- Born: September 11, 1953 (age 71) Jersey City, New Jersey, U.S.
- Occupation: Actor
- Years active: 1954–present

= Eileen Chesis =

American actress (born 1953)

Eileen Chesis (born September 11, 1953) is an American actress who appeared as a child in several American network television series of the 1960s.

==Early years==
Chesis was born in Jersey City, New Jersey, on September 11, 1953. She is the daughter of Murray and Anita Chesis. The family lived in North Bergen, New Jersey, until August 1959, when they moved to Los Angeles. Her father was a sales executive for a company that made office machines. She studied singing, dancing, and dramatics in addition to her regular schoolwork.
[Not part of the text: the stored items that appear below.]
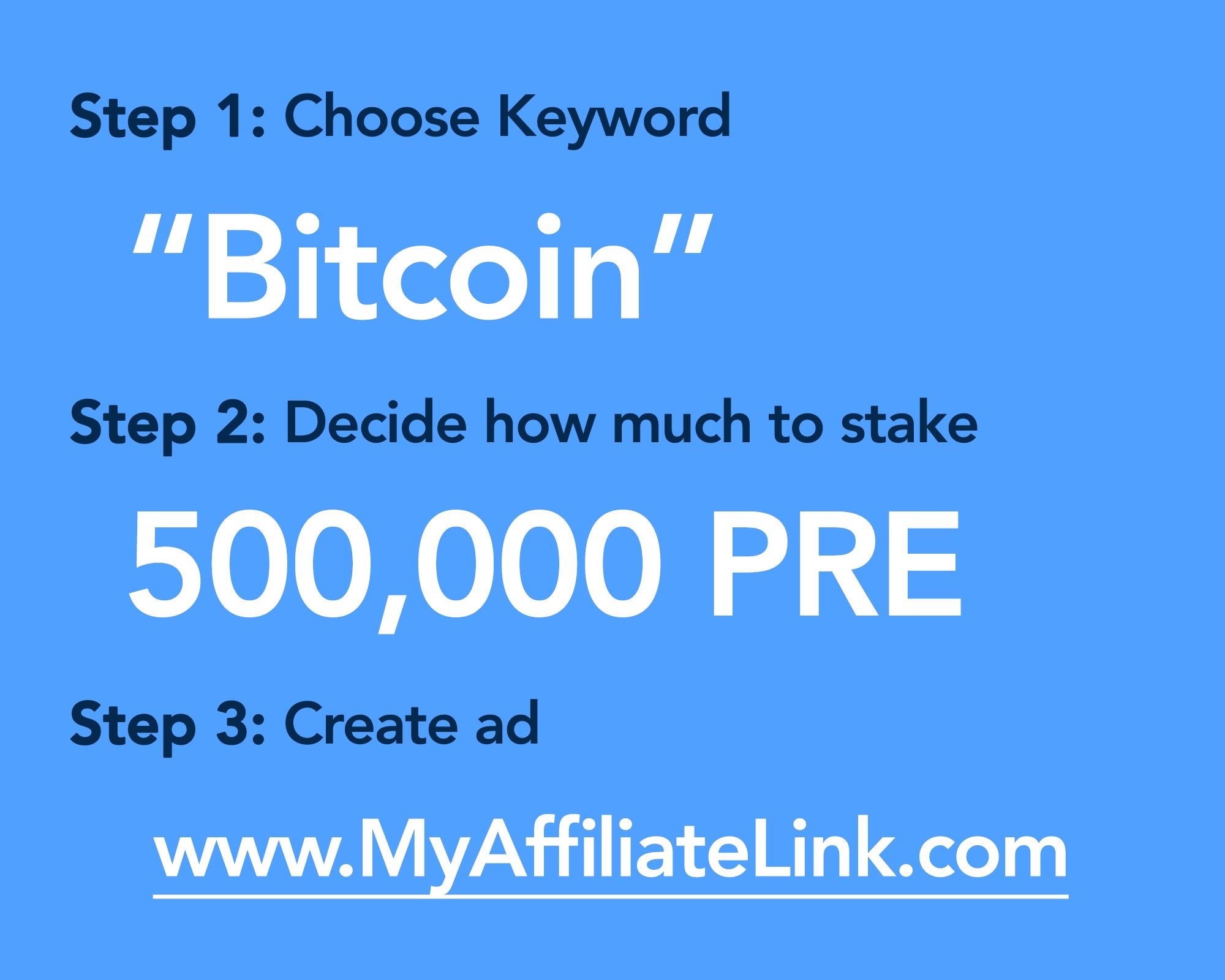 With Presearch Keyword Staking you choose a keyword (ex. ‘Bitcoin’) and then stake PRE tokens that you’ve purchased or earned against that term. You can then create an ad that you link to the website of your choice.
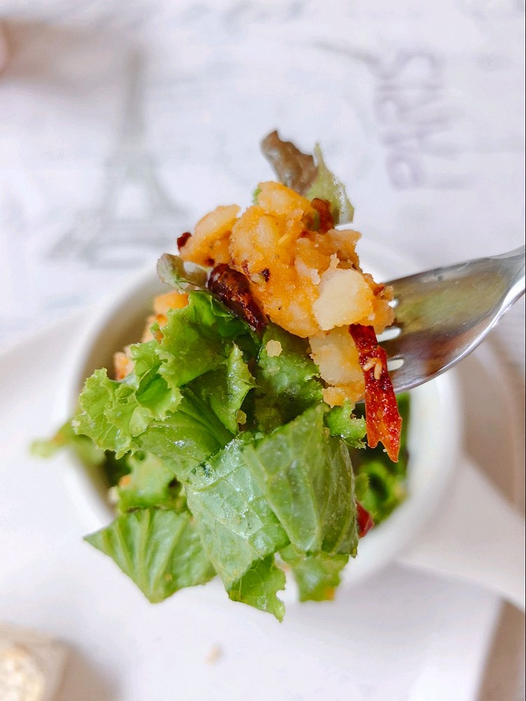 土豆🥔煮熟,压碎加入自己炒的麻辣鸡肉丝,加上生菜一拌,美味😍
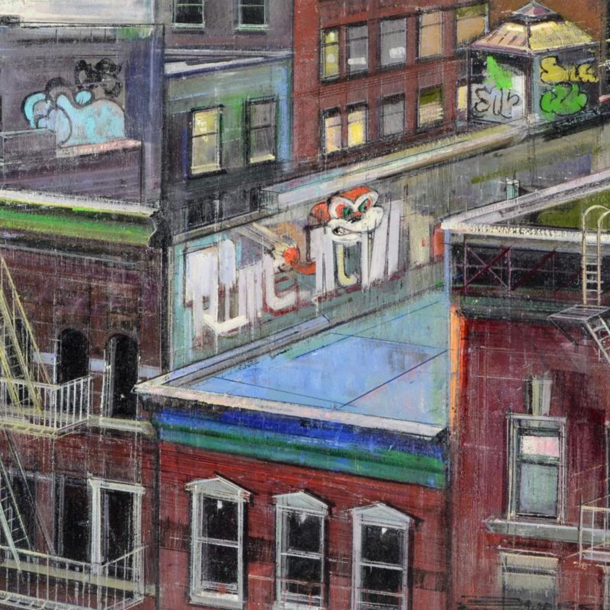 "Rooftop Grafetti" is an original oil painting on stretched canvas by Alex Zwarenstein, titled inverso hand signed by the artist. Includes Certificate of Authenticity. Measures approximately 30" x 24" (image). Reference #: 240117
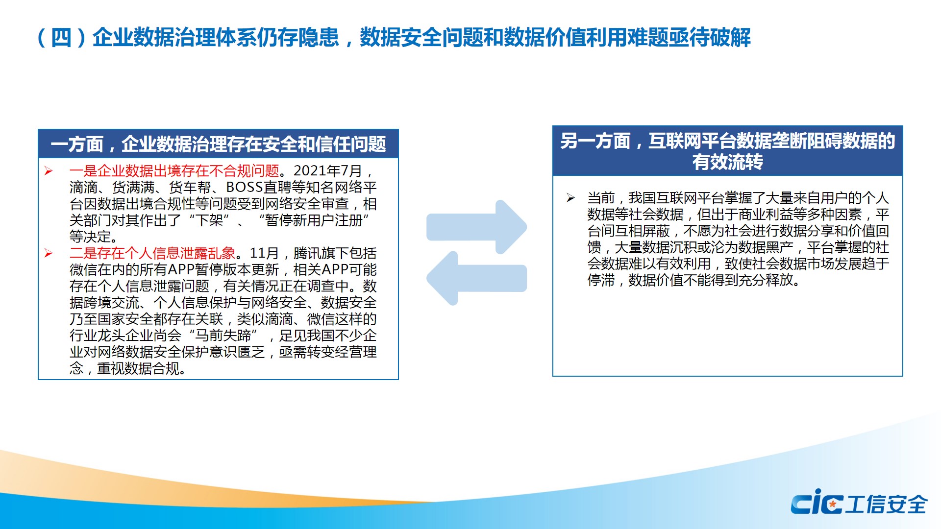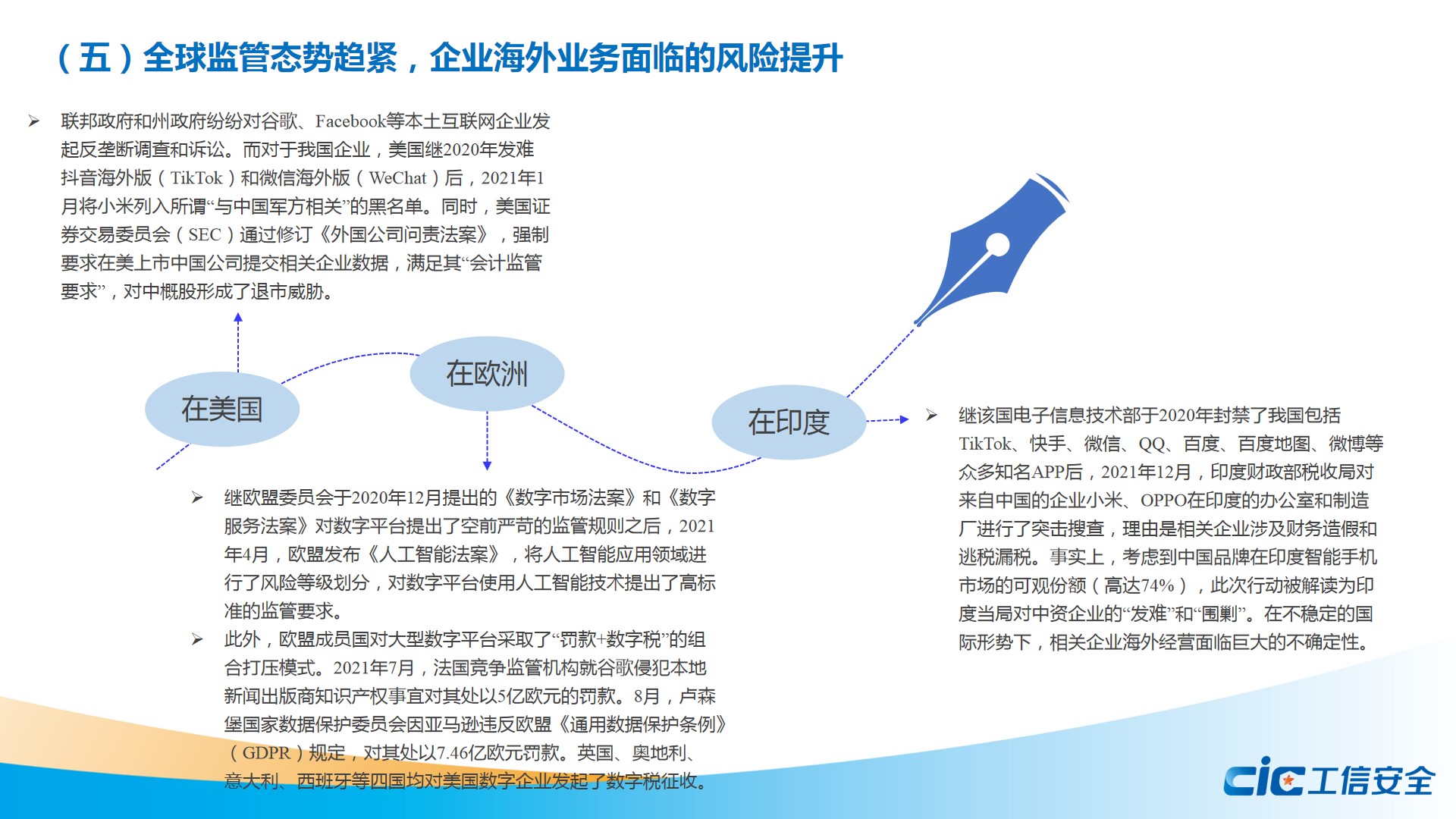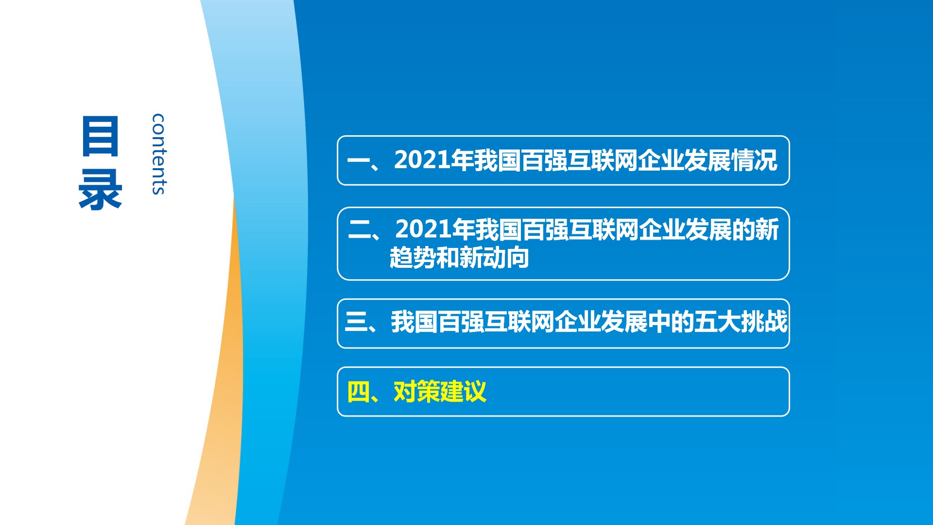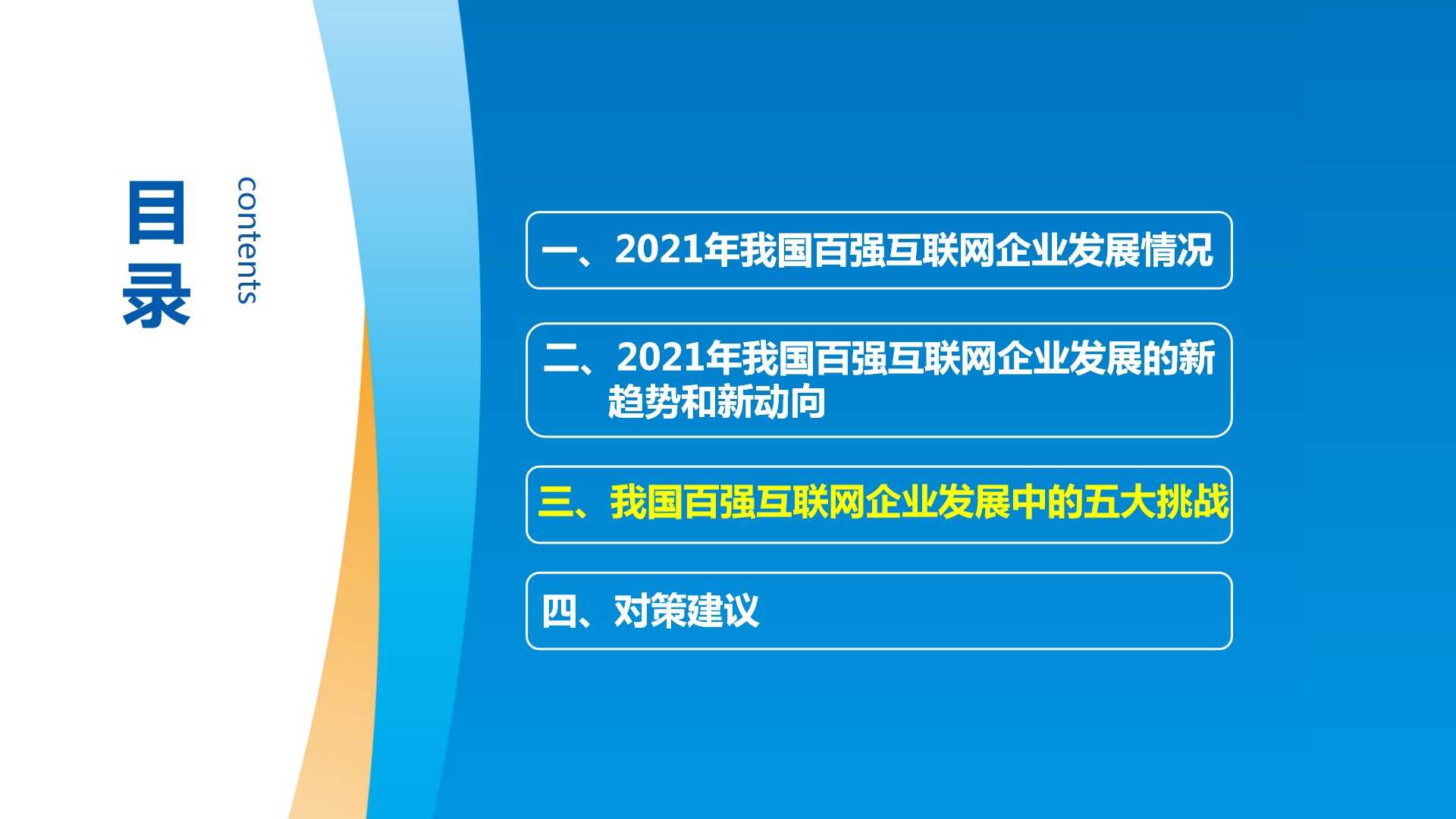 报告认为,2021年,我国百强互联网企业在不断发展的同时,也面临一些问题和挑战。一是互联网企业区域发展不均衡,对共同富裕形成了阻碍。二是互联网企业绿色化进程较国际仍有较大差距。三是元宇宙“虚火过旺”引发投资炒作、行业诈骗等多重问题。四是企业数据治理体系仍存隐患,数据安全问题和数据价值利用难题亟待破解。五是美国、欧盟、印度等全球多个经济体监管态势趋紧,致使企业海外业务风险增大。
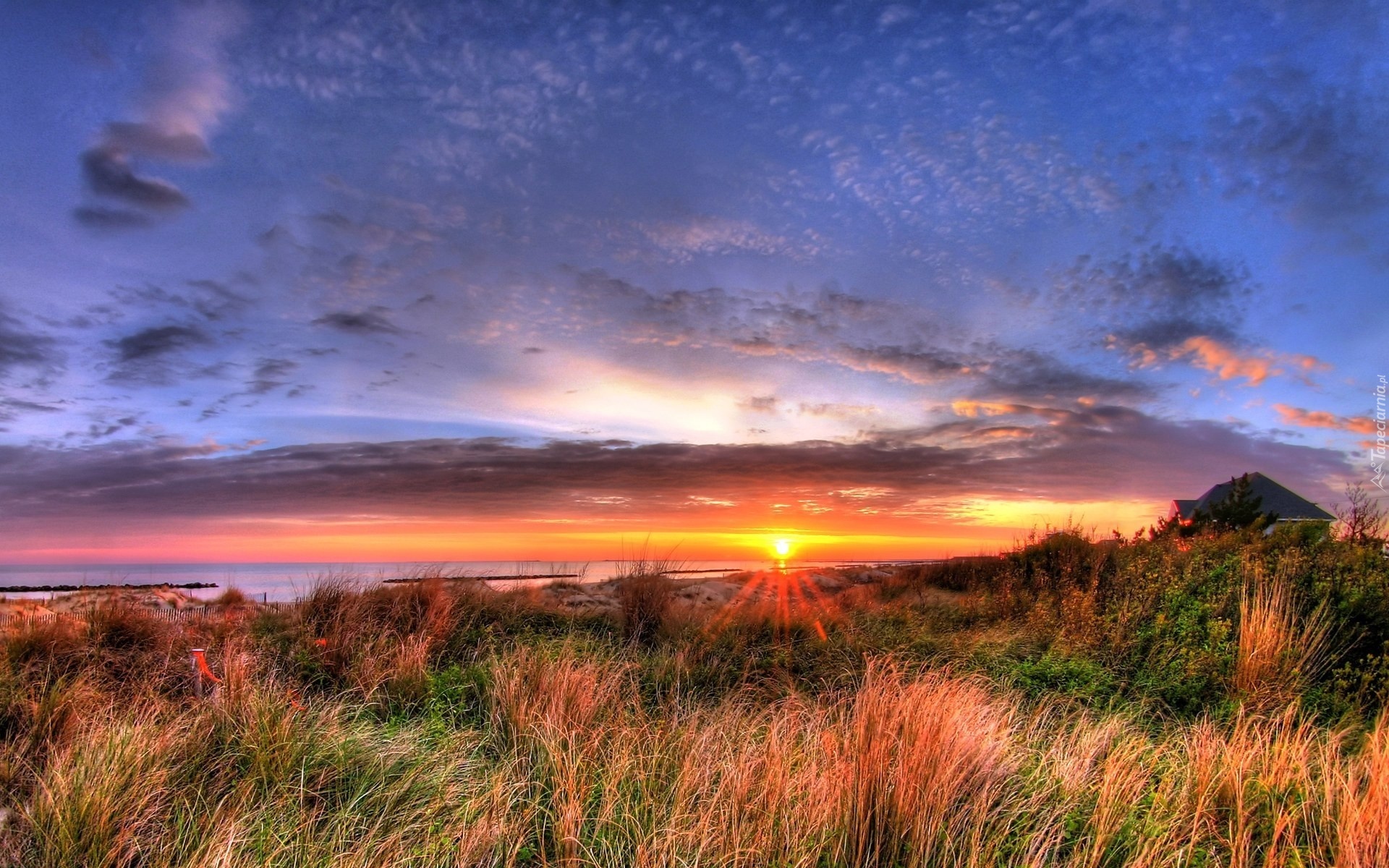 Edytor tapety: Morze, Promienie, Słońca, Trawa
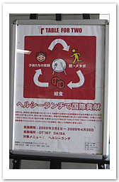 食堂入り口でお出迎え。1食20円の寄付で国際貢献を!と呼びかけ、今年2月から3ヶ月間、テレビ局としては初めてTABLE FOR TWO(以下、TFT)に参加したフジテレビ。
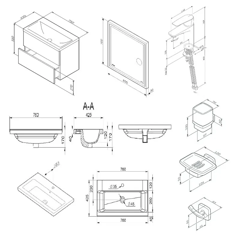 - Подвесная база под раковину (75 см) – компактная и удобная.
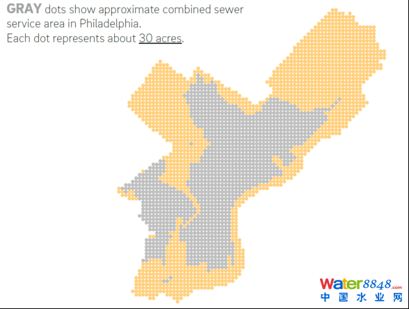 圖 費(fèi)城城市面積(黃),雨污合流面積(灰),雨污合流面積中不透水面積(黑),以及綠城清水計(jì)劃將進(jìn)行”綠畝” 改造的面積示意 (每個(gè)點(diǎn)代表30英畝)
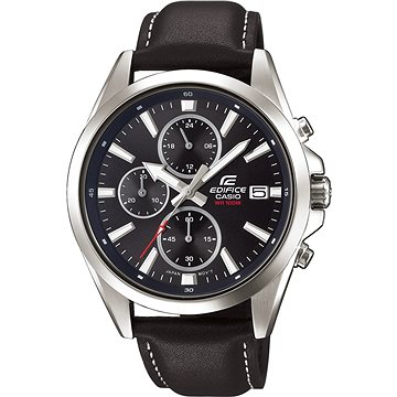 Výrobce: CASIO Pánské hodinky CASIO EFV-560L-1AVUEF:CASIO EFV-560L-1AVUEF jsou vkusné pánské hodinky, které by se na vašem nápěstí zaručeně vyjímaly. Tvoří je kulatý ciferník široký 44 mm, ten chrání patřičně odolné minerální sklíčko. Výrobce zvolil analogové zobrazení. Spolehlivá Quartz technologie je zárukou jak vysoké přesnosti, tak opravdu dlouhé výdrže baterie. Materiál řemínku tvoří kůže, design je tedy příjemný na pohled, aniž by utrpěla funkčnost či komfort při nošení. Hodinky CASIO překonají nápor vody při potápění a plavání, ve větších hloubkách by však nevydržely. Jejich stupeň krytí nese označení 100 m (10 ATM). Klíčové parametry pánských hodinek CASIO EFV-560L-1AVUEF Baterie s dlouhou výdrží a strojek s Quartz systémem Nechybí ani funkce stopek Jednou z primárních funkcí hodinek CASIO EFV-560L-1AVUEF je ukazatel data Ciferník chrání minerální sklíčko, leccos tedy vydrží Materiál pouzdra: ocel Pro řemínek byl zvolen materiál: kůže Úroveň vodotěsnosti hodinek CASIO: 100 m (10 ATM) Zbarvení ciferníku: černá Řemínek má barvu: černá Pánské hodinky jsou řízeny strojkem Quartz Náramkové hodinky CASIO EFV-560L-1AVUEF nabízí i další funkci Pro případ, že byste potřebovali změřit určitý časový úsek, jsou hodinky vybaveny stopkami.

Chesis's introduction to performing began when her mother submitted her picture in a beauty contest. The photograph caught the attention of a model agent, and by March 1960 she had made 30 filmed commercials in addition to working in commercials on live television.

== Television career ==
Chesis portrayed Cissy Porter, one of the daughters in the sitcom The Tom Ewell Show in 1960-1961. Her other television work as a child consisted of appearances in Lassie, in the crime-drama The Detectives, in the medical-drama The Eleventh Hour, and in the western Destry — she also appeared (as two different characters) in two different episodes of Bonanza (1962-1963).

Her only television work as an adult was in 1975, where she played Nancy in the live-action super-hero series The Secrets of Isis.

== Film ==
On September 11, 1959, Chesis's parents signed a five-year contract with a producer, with her first film to be Tall Story.